Marcio Fernandes/Estadão
Marcio Fernandes/Estadão

'Felipão se reinventou após a Copa do Mundo de 2014' , diz Arce

Campeão da Libertadores em 1999 e hoje técnico na Arábia Saudita, o ex-lateral destaca evolução do treinador

Entrevista com

Francisco Arce - campeão da Libertadores em 1999

Gonçalo Junior, O Estado de S.Paulo

24 Outubro 2018 | 05h00

O nome Francisco Arce traz ótimas recordações para os palmeirenses. Ele foi um dos destaques da conquista da Libertadores de 1999, também sob o comando de Luiz Felipe Scolari, que dirige nesta quarta-feira a equipe diante do Boca Juniors, nas semifinais da Libertadores. Seu estilo marcou uma época no clube e se tornou uma referência no início dos anos 2000. Hoje, ele é treinador do Al Ohod, equipe que fica na cidade de Medina, na Arábia Saudita. Ao Estado, o ex-lateral relembrou as características do time de 1999 e afirma que Felipão conseguiu se reinventar após as dificuldades na carreira, especialmente a Copa de 2014

Como foi a conquista com o Palmeiras na Libertadores de 1999?  

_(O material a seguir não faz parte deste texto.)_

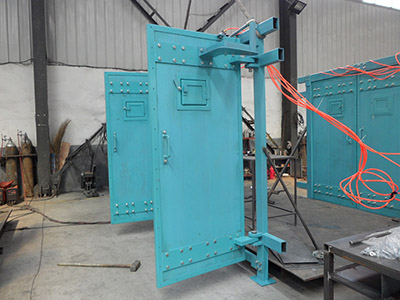 在人们的印象中曾经的风门是门扇为一整个门板焊接成的,人或车在过门时不能观察前后的情况,存在较大的安全隐患,经过改进咱们在门扇的上部分加装了防爆玻璃的可视风窗,不仅方便了观察还在一定程度上降低了风门的总重量,为安装提供了例利。

Nós tínhamos praticamente dois times. Eram dois jogadores de muita qualidade por posição. Acho que o ano anterior foi fundamental para a conquista. Eu me lembro de tudo perfeitamente até hoje. O professor Luiz Felipe falava para a gente que a Copa Mercosul (torneio que foi substituído pela Copa Sul-Americana) seria uma espécie de teste, uma prova. Alguns tinham experiência, mas muitos não haviam jogado a Libertadores muitas vezes. Por isso, a Mercosul seria um experimento para o ano seguinte. Fomos tão bem que ganhamos a Mercosul e ganhamos a Libertadores um ano depois. 

O que mudou no Felipão de hoje em relação ao da campanha de 1999?

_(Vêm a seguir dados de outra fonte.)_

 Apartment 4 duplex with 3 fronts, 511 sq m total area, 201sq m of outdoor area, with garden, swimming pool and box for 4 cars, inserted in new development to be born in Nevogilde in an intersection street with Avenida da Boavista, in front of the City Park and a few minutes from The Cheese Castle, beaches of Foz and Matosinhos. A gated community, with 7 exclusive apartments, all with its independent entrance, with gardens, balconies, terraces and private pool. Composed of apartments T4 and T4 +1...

Acho que ele não mudou muito. Ele se reinventou a cada dificuldade, especialmente após a Copa do Mundo, em 2014. Ele teve a força e o espírito para recomeçar depois de ter feito praticamente toda a carreira. Ele voltou a treinar, foi para o Grêmio, depois foi trabalhar lá fora de novo (no futebol chinês). Felipão transmite essa segurança e essa força para os grupos com os quais trabalha. Isso é fundamental para grandes campanhas.

Como avalia o Palmeiras semifinalista? 

O time vive uma sequência espetacular. Scolari sabe controlar a ansiedade principalmente nesta fase da competição. É possível que vá à final. E poderemos ter um confronto entre brasileiros. 

Como tem sido trabalhar na Arábia Saudita? 

Tem sido uma experiência diferente. Em muitos aspectos, tem sido muito bom. É diferente do que estamos acostumados em relação aos hábitos, língua e tudo o que temos ao redor para trabalhar. Viver aqui não é tão complicado. Temos tudo de melhor. Além disso, somos pacatos para viver a nossa vida.